Does a "binary sort" algorithm exist?

A binary sort is a very fast algorithm which involves bit testing. It has a single pass for each bit in the sortable item. For each pass, if the bit is set then the sortable item is stacked at one end of the buffer. If the bit is not set then the item is stacked at the other end of the buffer. Starting the sort at the least significant bit and dealing with the next bits in ascending order will result in the sorted list. I wrote one of these on an early 8086 in 1983 forthe Scottish Education Department. Steve Pitts

There's this and there's binary insertion sort. The two are pretty similar. They're both quadratic (O(n^2)) time algorithms.

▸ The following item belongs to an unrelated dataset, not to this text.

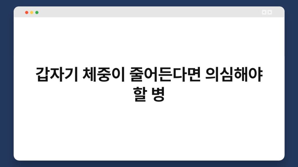갑자기 체중이 줄어드는 경험, 누구에게나 있을 수 있는 일입니다. 하지만 이러한 변화가 단순한 다이어트나 운동의 결과가 아닐 수도 있다는 사실, ...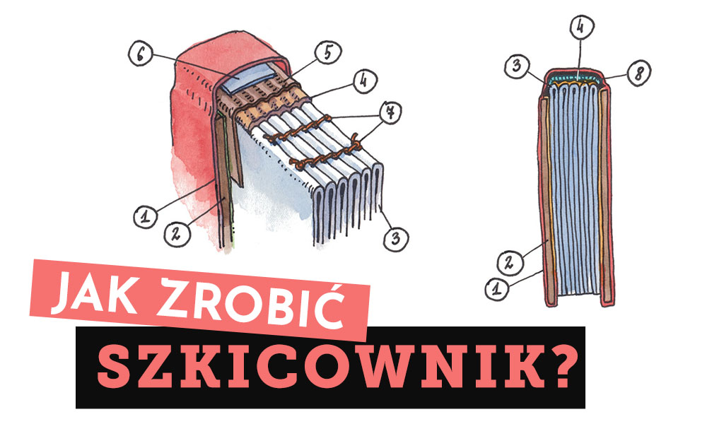 Bardzo często słyszę pytanie o to jak są zbudowane szkicowniki. Na pierwszy rzut oka - jak widać na poniższej ilustracji - budowa szkicownika jest podobna do budowy książki. Ba, większość szkicowników sklepowych produkowanych jest na liniach produkcyjnych do składania książek. Jednak w rzeczywistości szkicownik pełni zupełnie inną rolę. Z tego powodu, aby mógł spełniać swoje zadanie należycie, należy zrobić go inaczej. Zobacz jak.

Both algorithms do O(n log n) number of comparisons, but in practice you would also have to move elements around, which would make the entire algorithm quadratic.

The JDK uses a "binary sort" for arrays < size 32 within its Arrays.sort() method. This is actually an insertion sort but using binary search to find the next item instead of linear search.

Here is the code from JDK7

private static void binarySort(Object[] a, int lo, int hi, int start) {
    assert lo <= start && start <= hi;
    if (start == lo)
        start++;
    for ( ; start < hi; start++) {
        @SuppressWarnings("unchecked")
        Comparable<Object> pivot = (Comparable) a[start];

        // Set left (and right) to the index where a[start] (pivot) belongs
        int left = lo;
        int right = start;
        assert left <= right;
        /*
         * Invariants:
         *   pivot >= all in [lo, left).
         *   pivot <  all in [right, start).
         */
        while (left < right) {
            int mid = (left + right) >>> 1;
            if (pivot.compareTo(a[mid]) < 0)
                right = mid;
            else
                left = mid + 1;
        }
        assert left == right;

        /*
         * The invariants still hold: pivot >= all in [lo, left) and
         * pivot < all in [left, start), so pivot belongs at left.  Note
         * that if there are elements equal to pivot, left points to the
         * first slot after them -- that's why this sort is stable.
         * Slide elements over to make room for pivot.
         */
        int n = start - left;  // The number of elements to move
        // Switch is just an optimization for arraycopy in default case
        switch (n) {
            case 2:  a[left + 2] = a[left + 1];
            case 1:  a[left + 1] = a[left];
                     break;
            default: System.arraycopy(a, left, a, left + 1, n);
        }
        a[left] = pivot;
    }
}